3 Steps in Power Analysis

The basic approach to power analysis is to imagine that we are doing an identical study many times. For example, we pretend that we are trying to estimate $a,c$, and $e$ for a given population by taking samples of a given number of MZ and DZ twins. Each sample would give somewhat different estimates of the parameters, depending on how many twins we study, and how big $a,c$, and $e$ are in the study population. Suppose we did a very large number of studies and tabulated all the estimates of the shared environmental component, $c^2$. In some of the studies, even though there was some shared environment in the population, we would find estimates of $c^2$ that were not significant. In these cases we would commit ``type II errors.'' That is, we would not find a significant effect of the shared environment even though the value of $c^2$ in the population was truly greater than zero. Assuming we were using a $\chi^2$ test for 1 df to test the significance of the shared environment, and we had decided to use the conventional 5% significance level, the probability of Type II error would be the expected proportion of samples in which we mistakenly decided in favor of the null hypothesis that $c^2 = 0$. These cases would be those in which the observed value of $\chi^2$ was less than 3.84, the 5% critical value for 1 df. The other samples in which $\chi^2$ was greater than 3.84 are those in which we would decide, correctly, that there was a significant shared environmental effect in the population. The expected proportion of samples in which we decide correctly against the null hypothesis is the power of the test. Designing a genetic study boils down to deciding on the numbers and types of relationships needed to achieve a given power for the test of potentially important genetic and environmental factors. There is no general solution to the problem of power. The answers will depend on the specific values we contemplate for all the factors listed above. Before doing any power study, therefore, we have to decide the following questions in each specific case:

1. What kinds of relationships are to be considered?
2. What significance level is to be used in hypothesis testing?
3. What values are we assuming for the various effects of interest in the population being studied?
4. What power do we want to strive for in designing the study?

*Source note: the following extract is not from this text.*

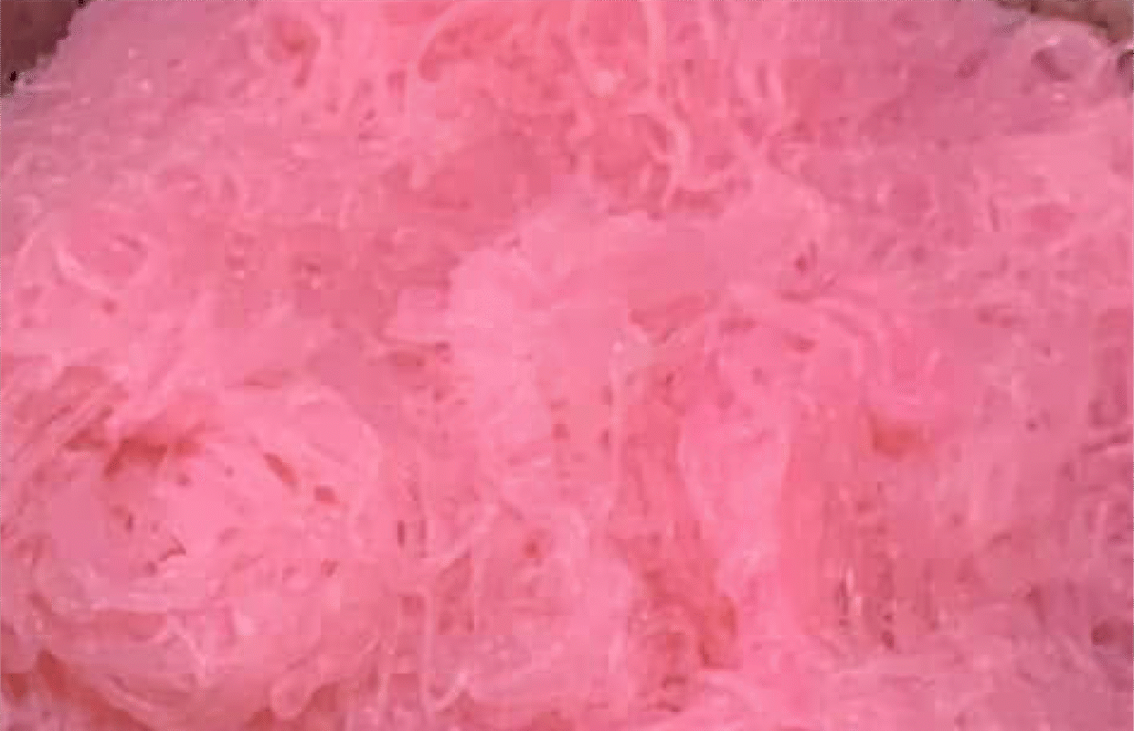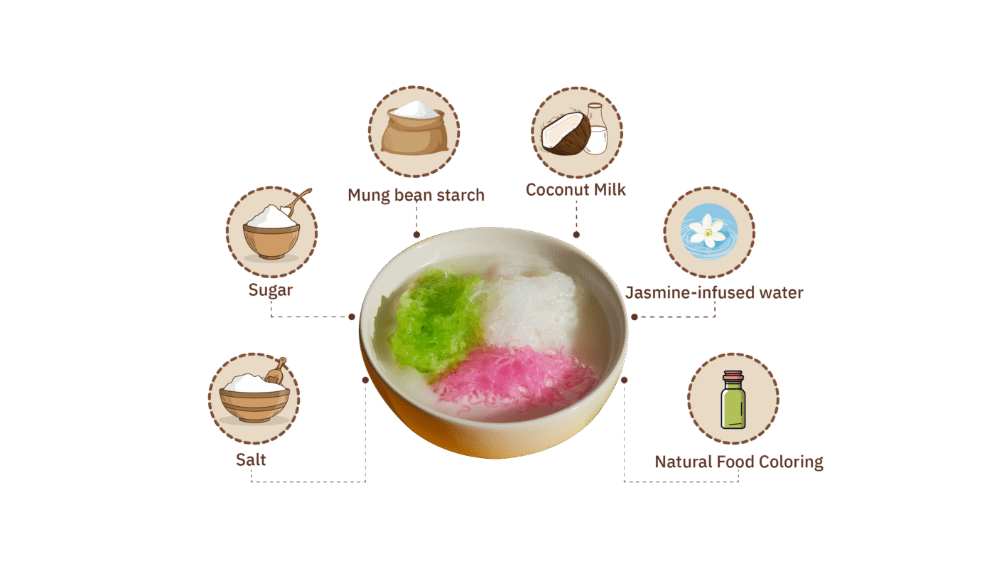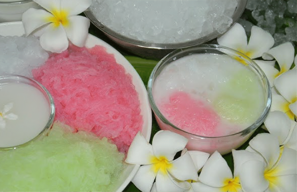 It is a traditional Thai dessert with bright and attractive colors. The dessert consists of small, jelly-like strands similar to lod chong (Thai pandan noodles), made from mung bean starch mixed with various colors and pressed through a mold into cold water to form soft and chewy strands. It is served with rich, fragrant coconut milk and crushed ice, giving it a sweet, creamy, and refreshing taste — a perfect treat for Thailand’s hot climate.

When we have answered these questions exactly, then we can conduct a power analysis for the specified set of conditions by following some basic steps:

1. Obtain expected covariance matrices for each set of relationships by substituting the assumed values of the population parameters in the model for each relationship.
2. Assign some initial arbitrary sample sizes to each separate group of relatives.
3. Use Mx to analyze the expected covariance matrices just as we would to analyze real data and obtain the $\chi^2$ value for testing the specific hypothesis of interest.
4. Find out (from statistical tables) how big that $\chi^2$ has to be to guarantee the power we need.
5. Use a simple formula (given below) to multiply our assumed sample size and solve for the sample size we need.

It is essential to remember that the sample size we obtain in step five only applies to the particular effect, design, sample sizes, and even to the distribution of sample sizes among the different types of relationship assumed in a specific power calculation. To explore the question of power fully, it often will be necessary to consider a number, sometimes a large number, of different designs and population values for the relevant effects of genes and environment.